23 In considerazione di tutto questo, che cosa si deve fare se, come avviene talvolta, un organo governativo chiede informazioni in merito alla professione o alla posizione dei cittadini? Con l’espressione “ministro ordinato” essi intendono uno che è nominato per aver cura di una congregazione e per servirle le cose spirituali, uno che funge da “pastore” di una congregazione. Per esempio, la definizione ecclesiastica, generalmente compresa, di “ministro”, che troviamo nei dizionari è: ‘chi è autorizzato ad amministrare il culto’. Con il termine “ministro” tali organi governativi non descrivono o non intendono il servizio che ogni singolo cristiano può compiere quando si sforza personalmente di far conoscere ad altri la buona notizia.
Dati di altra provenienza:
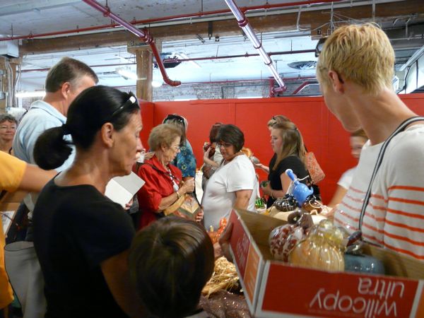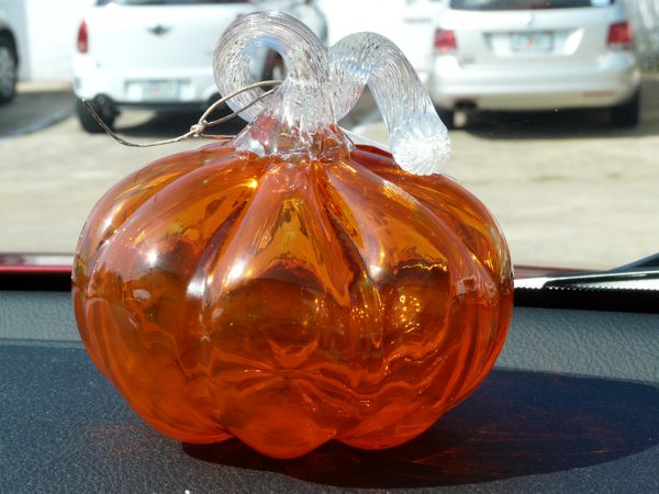 BIG mistake. No parking spots, so AM let me off to fight the crowds while he looked for a parking spot. There had been a huge line; none left as I get close to the door, but inside, it is a frenzy and it is a turgid stream of people. Many are carrying boxes and people are grabbing at pumpkins, beautiful glass pumpkins of all colors, but I knew I wanted a big orange pumpkin. I only found one orange pumpkin, a small pumpkin, but I never did see a big pumpkin, so this one will have to do.

Quindi, rispondendo alle domande dei funzionari, sarebbe ragionevole rispondere in armonia con ciò che desiderano sapere, anziché imporre la propria definizione di tali termini.
24 Le persone non si aspetterebbero, ad esempio, che il proclamatore che va di casa in casa dica che la “congregazione” che serve è formata dalle famiglie del territorio dove si compie l’opera di testimonianza, in quanto gli abitanti di quella zona possono non riconoscere o non accettare come loro “ministro” colui che dà testimonianza, e, anzi, possono avere la loro religione. Allo stesso modo, capiranno correttamente se definiamo la soglia della loro casa come “pulpito” di chi reca la buona notizia, anche se fa quello che chiama un “sermone” da tre a otto minuti? Con la parola “pulpito” si intende in genere il palco dell’oratore nell’edificio a cui è invitato il pubblico in generale.
25. Chi ha una nomina di servizio in una congregazione, quale data può indicare come data della sua “ordinazione”?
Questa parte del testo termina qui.